Cold War Kids: Mine Is Yours

Music Reviews Cold War Kids
Cold War Kids: Mine Is Yours

On the band’s third LP, Cold War Kids seem rather stunted since their 2006 hit “Hang Me Out to Dry.” Between lead singer Nathan Willett’s gratingly heavy-handed vocal delivery and the album’s inventory of hook-less atmospherics and anemic lyrics, Mine Is Yours gives the impression of a band too eager to please to really take a musical stand. The rhythm section anchors the occasional track with a touch of irresistible funk (“Royale Blue”), but the glimpses of real soul do little to patch up the gaping holes in substance as the songs deliver one lazy cliche after another. Lines like “Finally open my arms wide / finally I let you inside” (“Finally Begin”) and “I have been broken open / this was not my master plan” (“Broken Open”) leave CWK looking more like an indie-rock Creed than the buzz band that had bloggers frothing at the mouth just five short years ago.

Willett told Paste earlier this month that Cold War Kids approached this album thinking about “a much stronger direction and realizing where we needed to go.” Knowing that the Kids hired Jacquire King, engineer of such indie-to-mainstream crossovers as Modest Mouse’s Good News for the People Who Love Bad News, to produce this collection of pop-rock nuggets, one has to wonder if the destination they had in mind was the Top 40.

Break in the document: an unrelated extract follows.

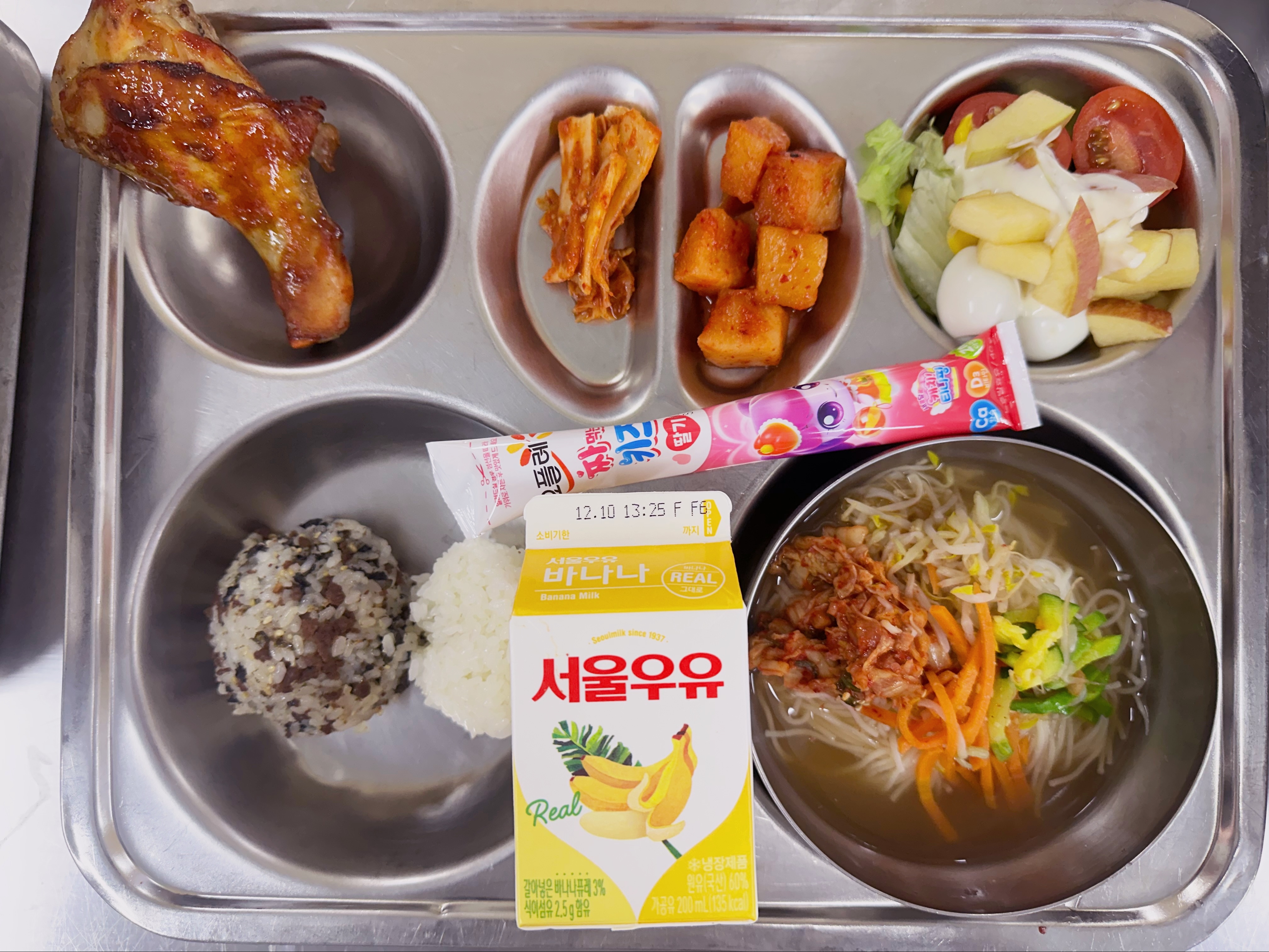 쇠고기김가루주먹밥 (16)잔치국수(초) (6.8.9.18)사과콥샐러드 (1.2.5.12.13)바베큐닭다리치킨스테이크(초) (2.5.6.13.15)깍두기(초) (9)우유(희망) (2)짜먹는 요구르트 (2)

Mine Is Yours’ schmaltz is a drag, but it’s got a bright spot in “Sensitive Kid,” a spare beatbox-thumping story from the point-of-view of the son of divorced parents. After bemoaning his mother’s relationship with his best friend’s dad and throwing a party in the house his broken family has just vacated, the narrator is admonished, “Sensitive kid, start acting like a grown-up.” It’s one of the least fussed-over, most mature songs on the record, and it leaves the listener wishing Cold War Kids would take their own advice.